(Extracted data entries)
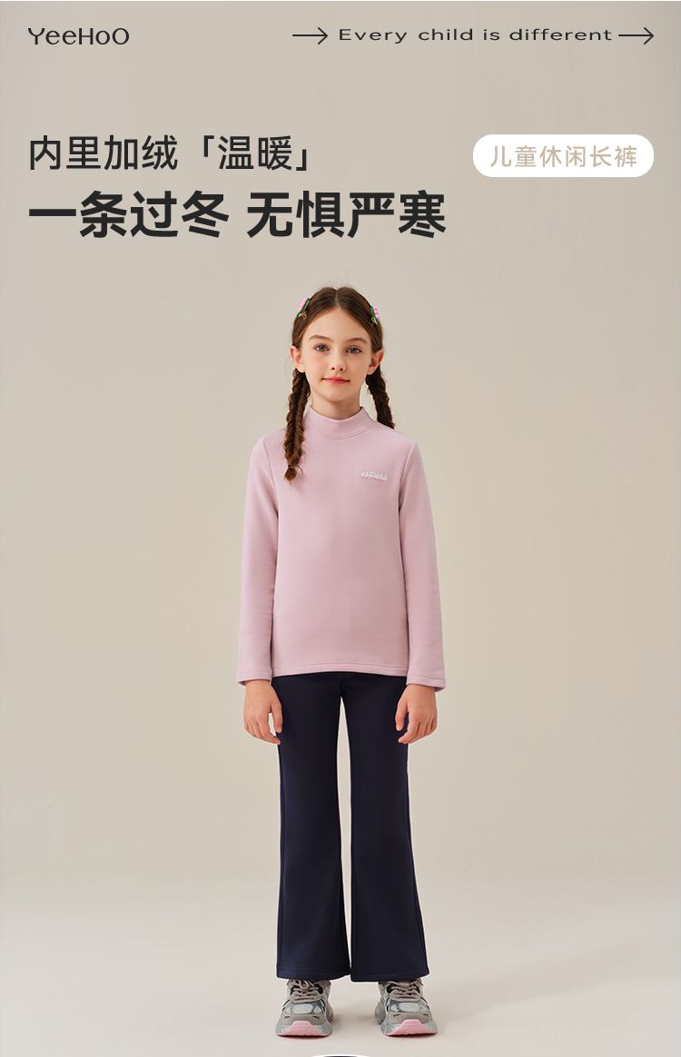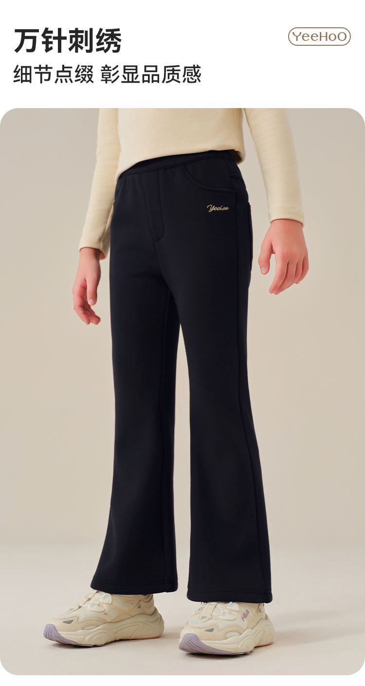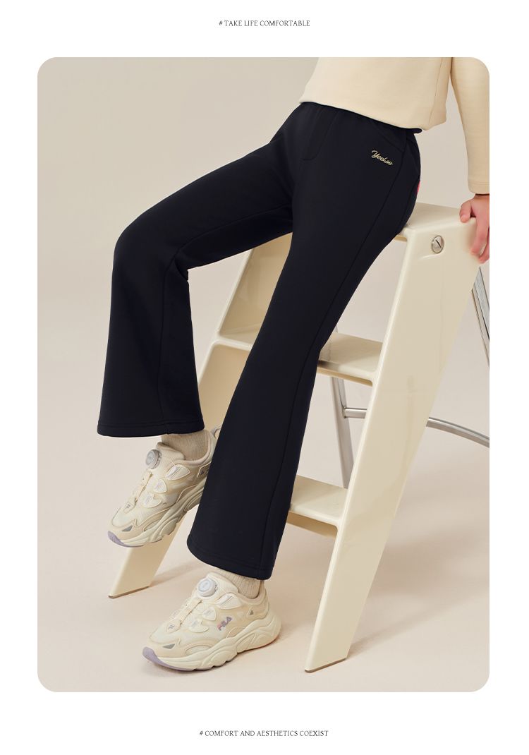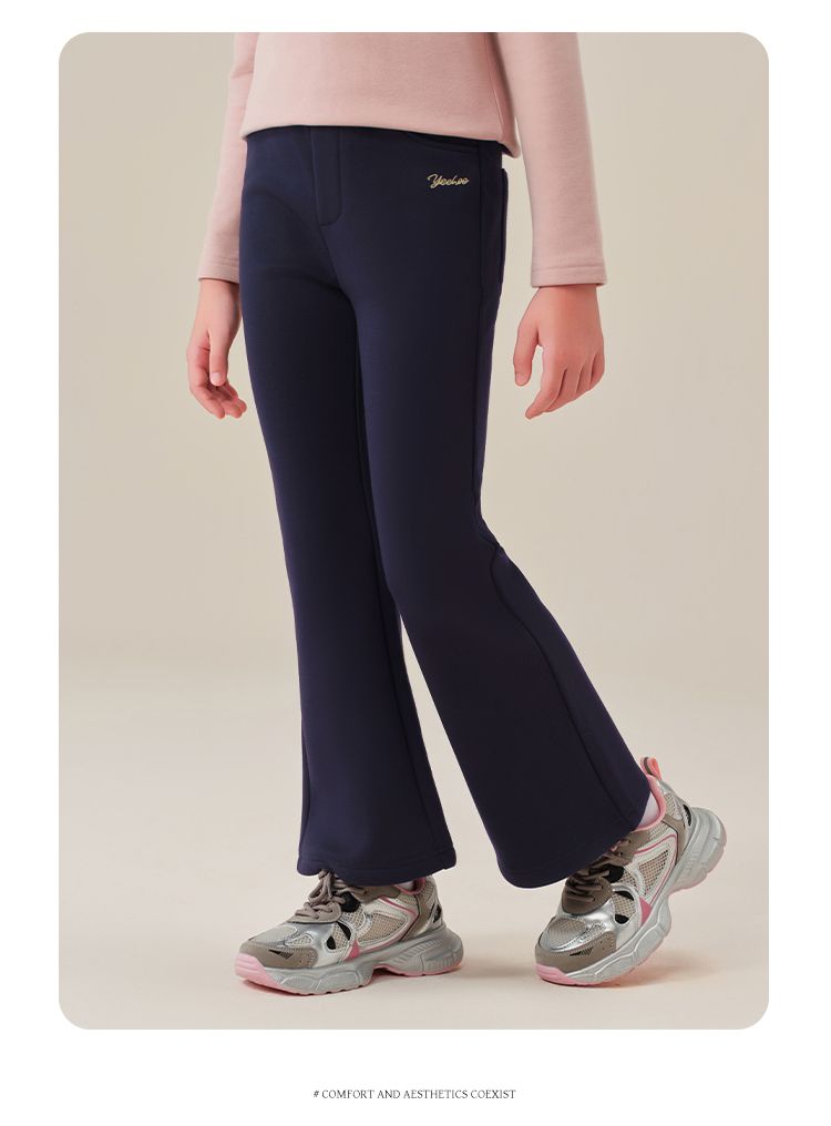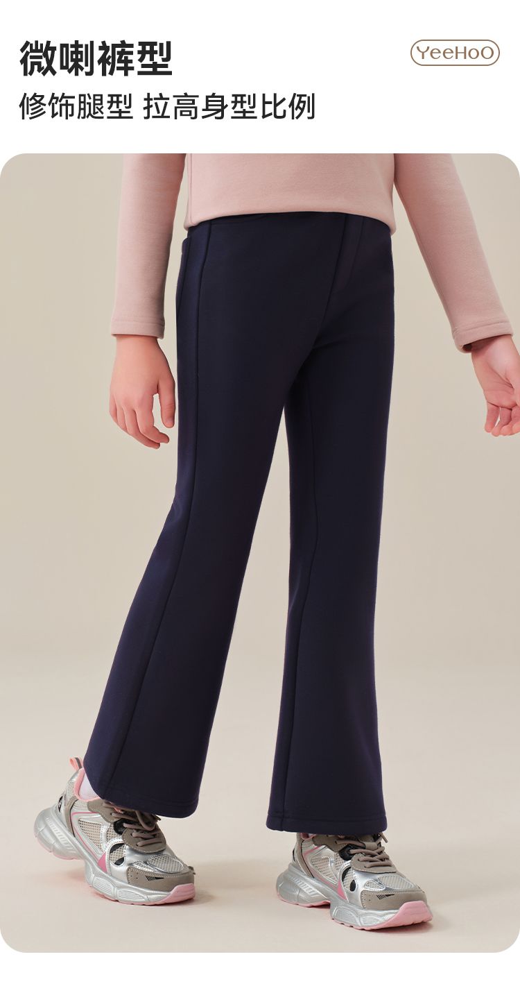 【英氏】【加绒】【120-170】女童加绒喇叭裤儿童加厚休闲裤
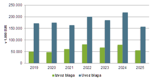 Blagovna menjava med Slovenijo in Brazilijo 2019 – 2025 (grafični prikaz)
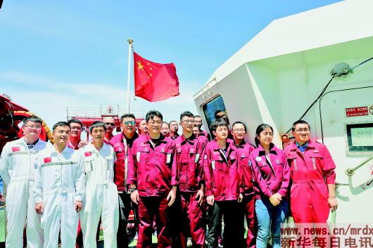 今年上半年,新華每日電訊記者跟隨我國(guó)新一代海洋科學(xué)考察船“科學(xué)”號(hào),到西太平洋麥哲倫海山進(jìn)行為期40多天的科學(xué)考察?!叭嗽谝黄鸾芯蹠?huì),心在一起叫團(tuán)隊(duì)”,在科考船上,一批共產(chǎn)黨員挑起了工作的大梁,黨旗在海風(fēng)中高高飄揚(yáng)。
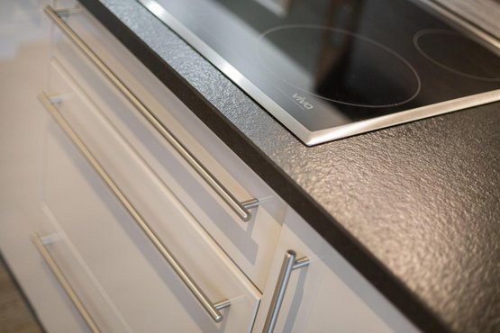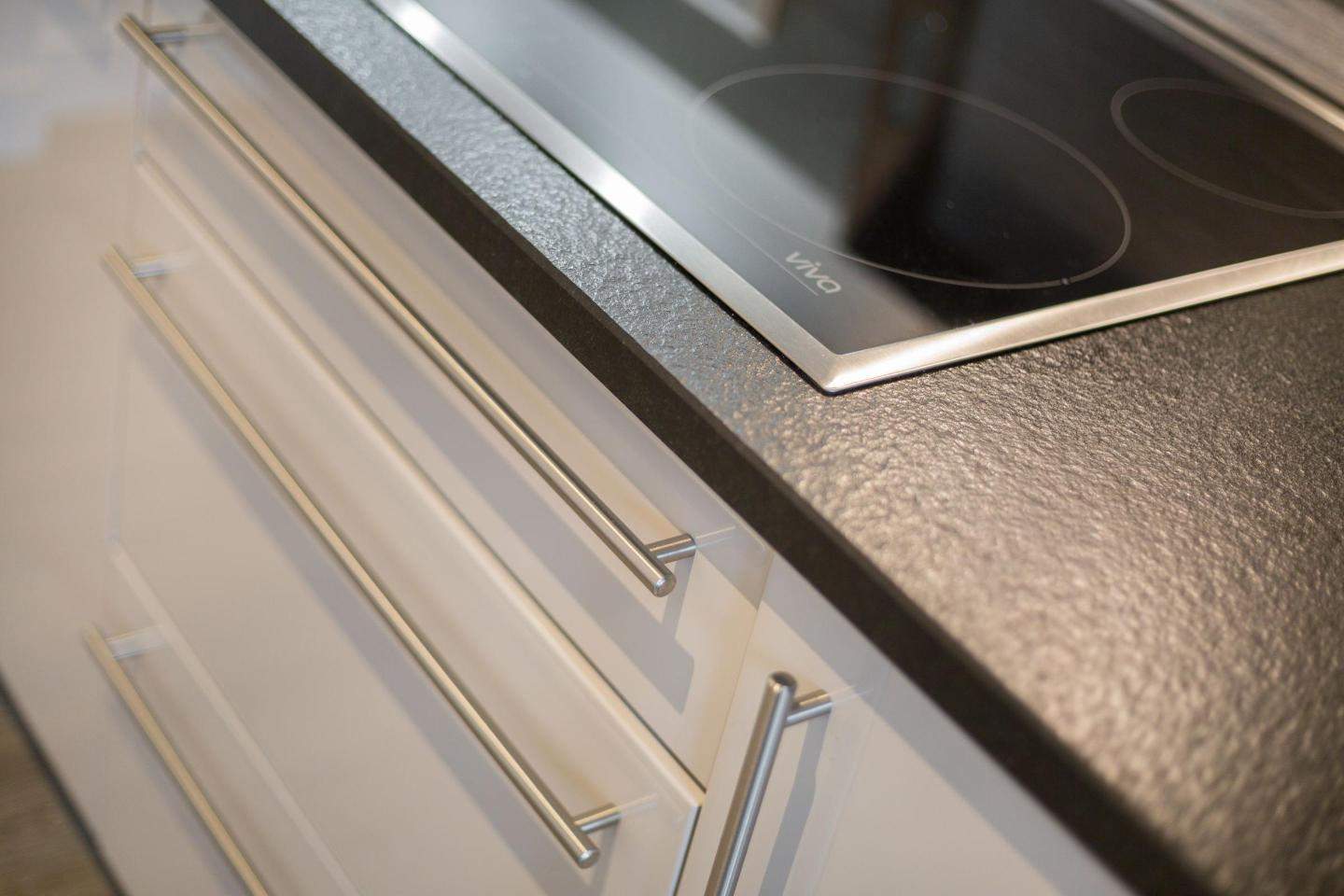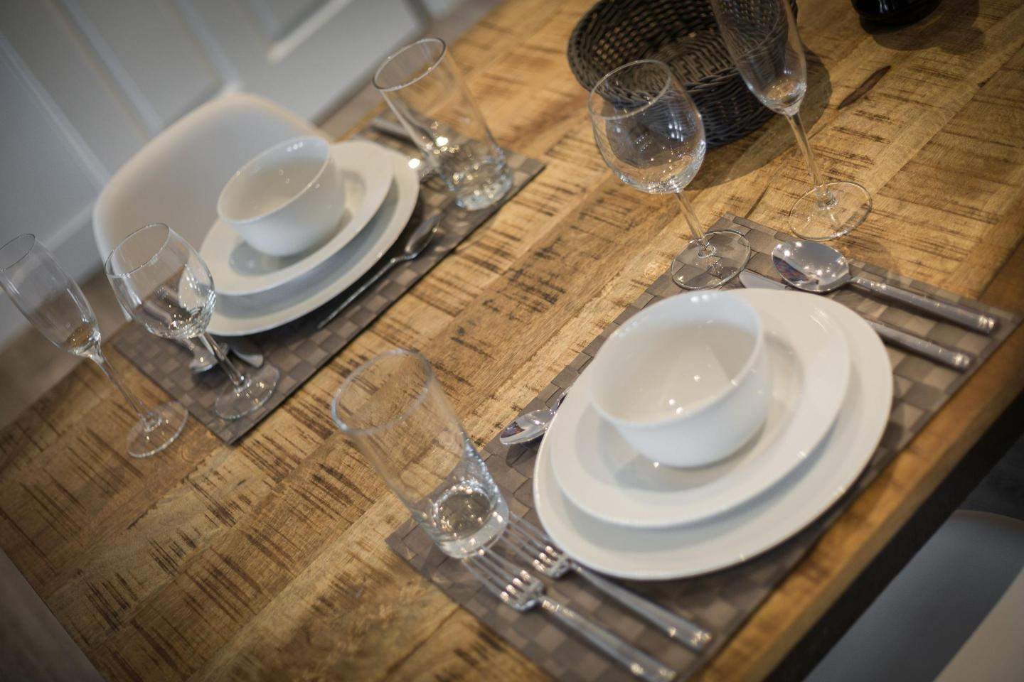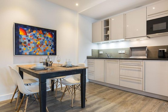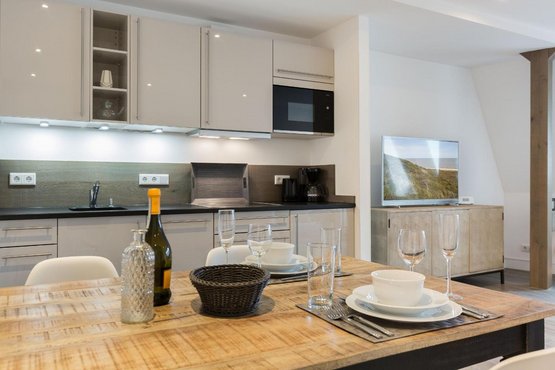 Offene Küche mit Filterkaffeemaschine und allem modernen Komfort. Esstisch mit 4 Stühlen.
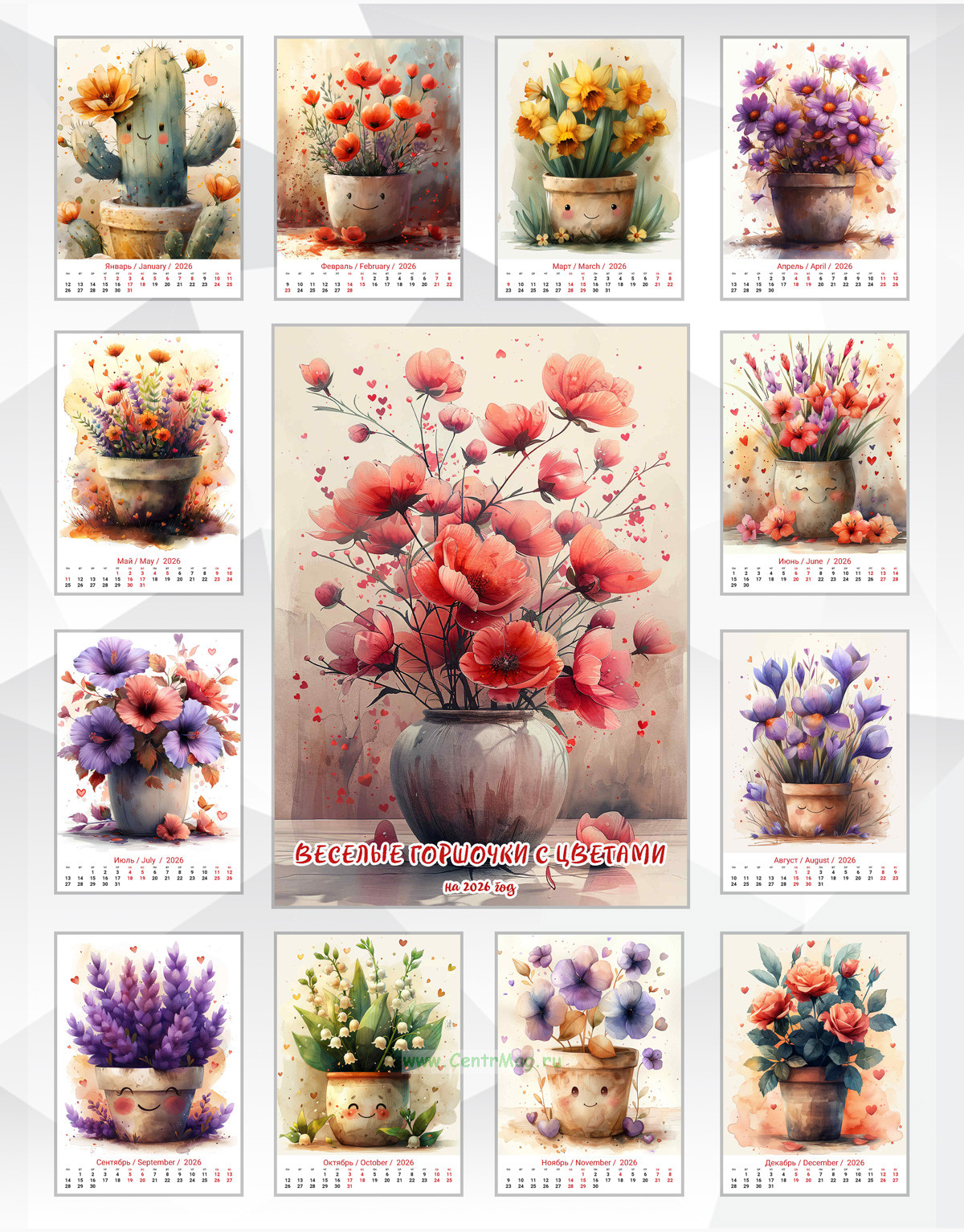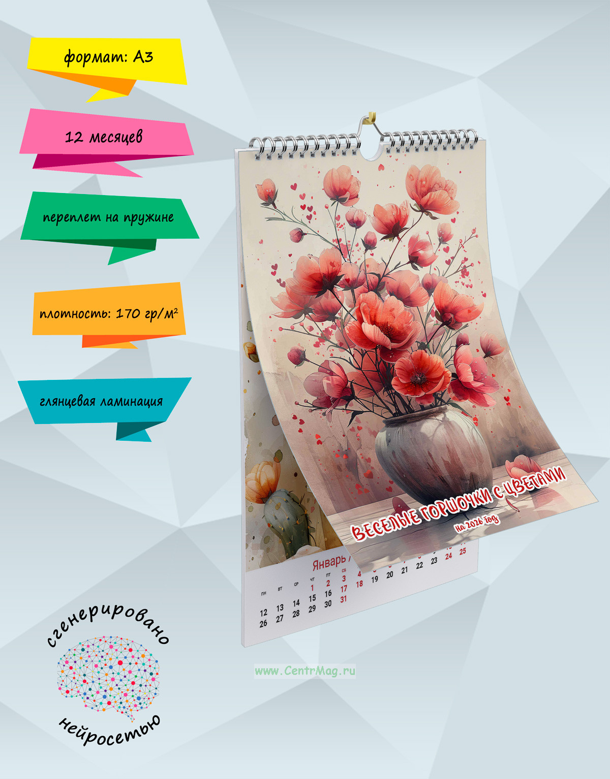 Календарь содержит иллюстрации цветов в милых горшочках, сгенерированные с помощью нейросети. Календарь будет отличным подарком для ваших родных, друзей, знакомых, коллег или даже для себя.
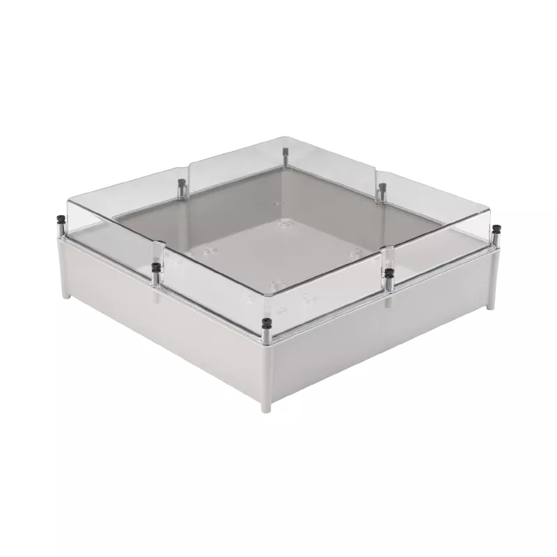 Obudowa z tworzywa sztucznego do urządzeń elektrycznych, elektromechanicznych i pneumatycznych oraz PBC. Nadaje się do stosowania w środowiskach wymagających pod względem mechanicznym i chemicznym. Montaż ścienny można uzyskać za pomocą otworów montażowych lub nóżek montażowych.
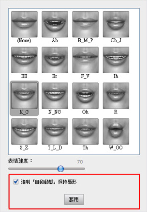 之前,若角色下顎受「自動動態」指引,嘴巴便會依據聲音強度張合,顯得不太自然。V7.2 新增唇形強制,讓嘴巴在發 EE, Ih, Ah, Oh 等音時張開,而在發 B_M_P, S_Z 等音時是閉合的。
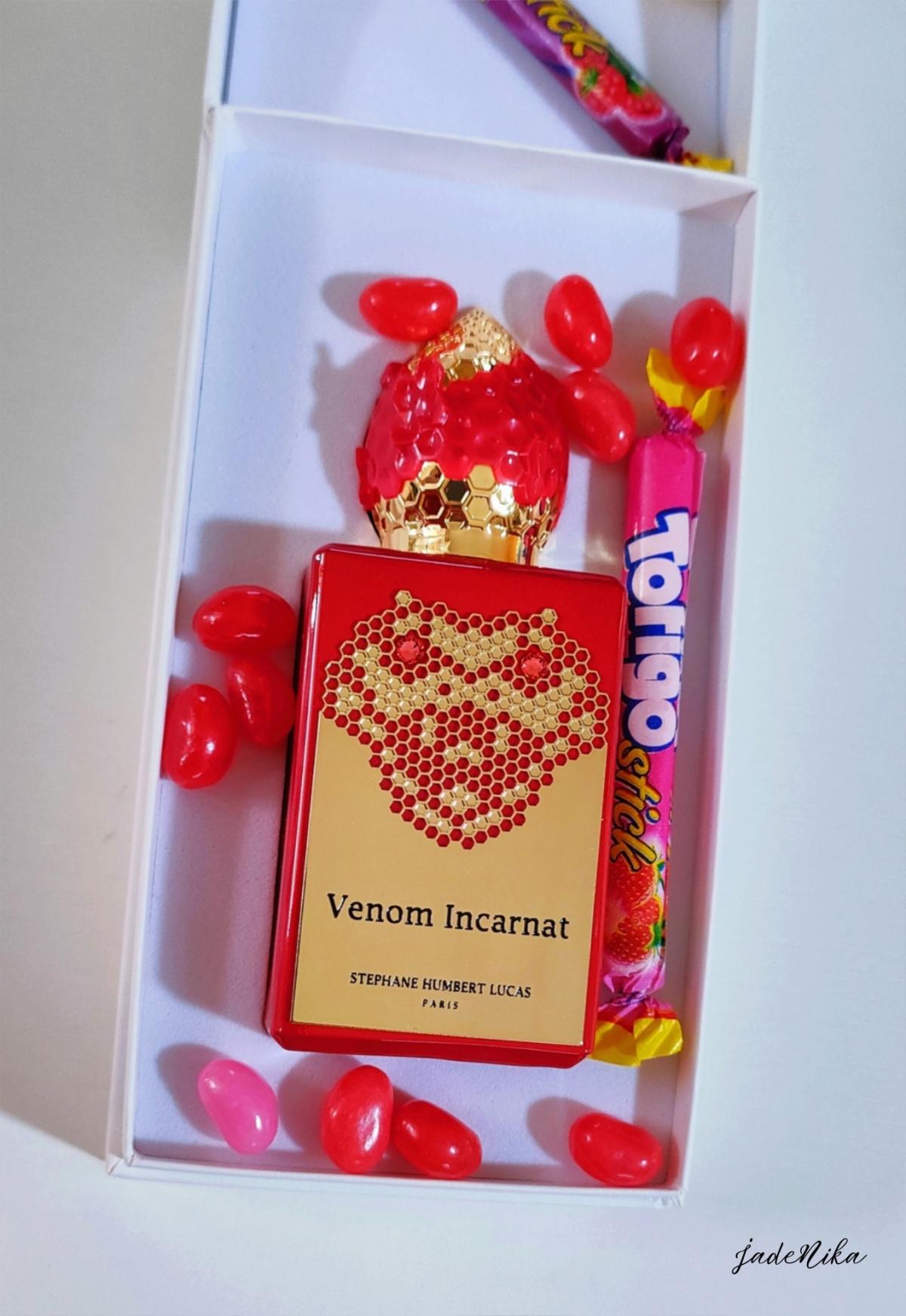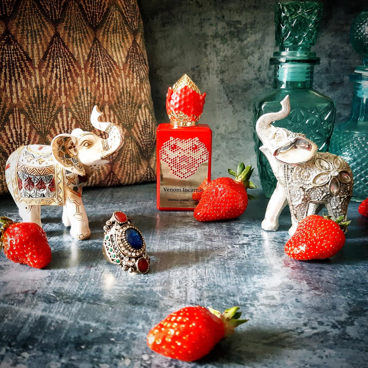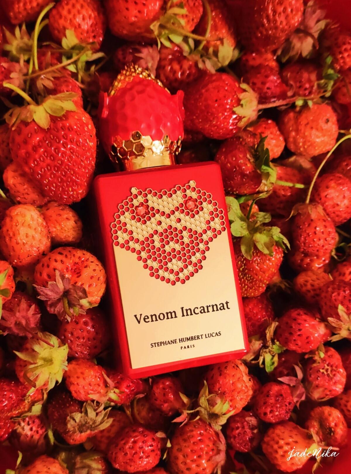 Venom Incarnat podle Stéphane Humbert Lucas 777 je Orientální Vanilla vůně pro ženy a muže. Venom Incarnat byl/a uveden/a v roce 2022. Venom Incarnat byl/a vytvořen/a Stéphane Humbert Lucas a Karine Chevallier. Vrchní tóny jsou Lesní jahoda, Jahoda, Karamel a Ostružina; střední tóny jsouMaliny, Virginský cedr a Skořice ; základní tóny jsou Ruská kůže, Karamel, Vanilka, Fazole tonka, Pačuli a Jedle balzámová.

DIRECTIONS: Using the data above, print only the lines starting at the one with "Календарь содержит иллюстрации" and ending at the one with "B_M_P, S_Z 等音時是閉合的。", exactly as they stand, minus the pictures.

ANSWER:
 Календарь содержит иллюстрации цветов в милых горшочках, сгенерированные с помощью нейросети. Календарь будет отличным подарком для ваших родных, друзей, знакомых, коллег или даже для себя.
 Obudowa z tworzywa sztucznego do urządzeń elektrycznych, elektromechanicznych i pneumatycznych oraz PBC. Nadaje się do stosowania w środowiskach wymagających pod względem mechanicznym i chemicznym. Montaż ścienny można uzyskać za pomocą otworów montażowych lub nóżek montażowych.
 之前,若角色下顎受「自動動態」指引,嘴巴便會依據聲音強度張合,顯得不太自然。V7.2 新增唇形強制,讓嘴巴在發 EE, Ih, Ah, Oh 等音時張開,而在發 B_M_P, S_Z 等音時是閉合的。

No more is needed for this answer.